Much of the drive for sustainable finance is based around the idea that a business scoring highly on ESG factors is a better business. This implies that failing to meet a material sustainability target would by its nature likely be damaging to an issuer's credit profile. At the same time, if demand for SLBs is based partly on their value as an ESG-compliant investment, failing to meet the agreed goals may turn off some investors and result in a fall in the price of the bond.

So, there should be a downside to the bondholder for an issuer failing to meet the targets. Therefore, one way to look at the coupon step-up is as a form of investor compensation for a company failing to meet its targets, de Quinsonas suggests.

Moving to the broader fixed income investment landscape, analysts at Algebris Investments reckon that the Biden-Harris administration in the is a potential "game-changer" amid risks to the recovery and of increased inequality. They say that the most important question for investors is whether the US can beat secular stagnation.
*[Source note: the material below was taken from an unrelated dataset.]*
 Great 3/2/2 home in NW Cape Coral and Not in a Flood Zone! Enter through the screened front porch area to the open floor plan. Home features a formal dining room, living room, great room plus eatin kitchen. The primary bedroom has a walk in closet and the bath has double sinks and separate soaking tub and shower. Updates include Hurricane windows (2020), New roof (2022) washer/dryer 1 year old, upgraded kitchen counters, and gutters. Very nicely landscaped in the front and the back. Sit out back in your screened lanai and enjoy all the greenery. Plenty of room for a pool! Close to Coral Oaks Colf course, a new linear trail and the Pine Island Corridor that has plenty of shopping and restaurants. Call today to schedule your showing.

They are positive on the Biden stimulus plan, but reckon that "to push the US economy out of the Covid crisis and out of secular stagnation, what is needed is much more radical." The propose infrastructure investments, widening access to education and breaking up monopolies.

As for what all this means for investors, they say: "We do not know whether Biden’s reform agenda will win over secular stagnation — but we do know that a traditional bond or credit portfolio is poised to underperform either way."
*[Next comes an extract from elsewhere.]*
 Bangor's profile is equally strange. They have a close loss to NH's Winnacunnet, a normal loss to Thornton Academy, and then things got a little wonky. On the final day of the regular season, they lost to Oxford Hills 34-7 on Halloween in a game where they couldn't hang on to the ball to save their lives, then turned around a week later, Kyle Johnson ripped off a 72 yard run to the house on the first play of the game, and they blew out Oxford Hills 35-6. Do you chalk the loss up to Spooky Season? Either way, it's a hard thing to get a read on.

They claim that prices of bonds can hardly rise much more. They are exposed to inflation in the event of a strong economy recovery, but also to spread widening if the economic pain continues.

So where is the opportunity? They point to the ability to pick winners and losers as individual issuers' bonds and different sectors remain dispersed. Cyclical sectors could benefit once economies re-open. They also recommend convertible debt due to the potential for equity upside.